[Information shown Boundary: Start]
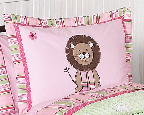 Sweet Jojo Designs Pink and Green Jungle Friends Girls Pillow Shams
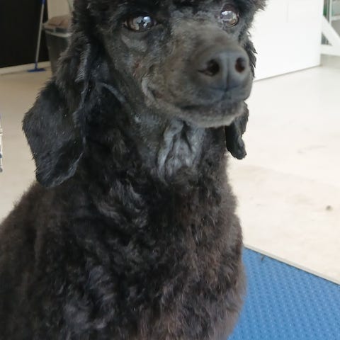 Hun sitter/ligger fint ved klipping. Jeg har klipt selv til nå, men har også benyttet meg av hundefrisør å hun er like flink der☺
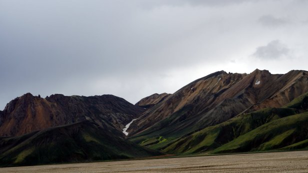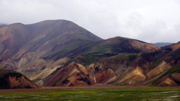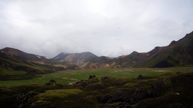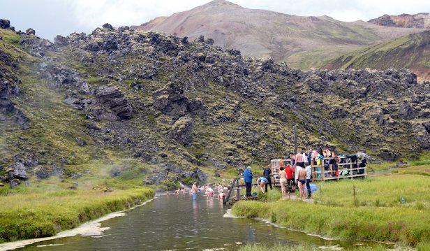 After a short sleep, we drove on to Landmanna Laugar, some 230 km north east. This is a lovely valley in-between very colourful mountains. Despite that you can only get here with a 4×4 and 2 rivers to cross, it was very busy. It is the main hiking area of Iceland. The tent area has 30+ small tents and the car park is full of buses taking tourists up from Reykjavik. They all left around 15:00 hrs. We waited a bit longer to try the hot pool (i.e. till the private cars have also left and the hot pool is not crowded and the rain has stop). The pool is in a small stream with a gravel bottom. It is shallow (50 cm) and is fed by 2 small steams. One hot and the other cold. In this way you can chose your desired temperature by moving around the pool. Jamaliah did not feel like going because there were warning signs that some people get rashes from the water. Rudy spent a good hour in the pool without side effects other then maybe some overheating. The evening at 600 m was colder than usual so he did cool down rapidly. Actually we went to bed early to stay warm under the down sleeping bag. The diesel heater has not worked during the whole trip.
[Information shown Boundary: End]
Task to carry out:
With images omitted, output the data exactly as given.

Answer to the exercise:
 Sweet Jojo Designs Pink and Green Jungle Friends Girls Pillow Shams
 Hun sitter/ligger fint ved klipping. Jeg har klipt selv til nå, men har også benyttet meg av hundefrisør å hun er like flink der☺
 After a short sleep, we drove on to Landmanna Laugar, some 230 km north east. This is a lovely valley in-between very colourful mountains. Despite that you can only get here with a 4×4 and 2 rivers to cross, it was very busy. It is the main hiking area of Iceland. The tent area has 30+ small tents and the car park is full of buses taking tourists up from Reykjavik. They all left around 15:00 hrs. We waited a bit longer to try the hot pool (i.e. till the private cars have also left and the hot pool is not crowded and the rain has stop). The pool is in a small stream with a gravel bottom. It is shallow (50 cm) and is fed by 2 small steams. One hot and the other cold. In this way you can chose your desired temperature by moving around the pool. Jamaliah did not feel like going because there were warning signs that some people get rashes from the water. Rudy spent a good hour in the pool without side effects other then maybe some overheating. The evening at 600 m was colder than usual so he did cool down rapidly. Actually we went to bed early to stay warm under the down sleeping bag. The diesel heater has not worked during the whole trip.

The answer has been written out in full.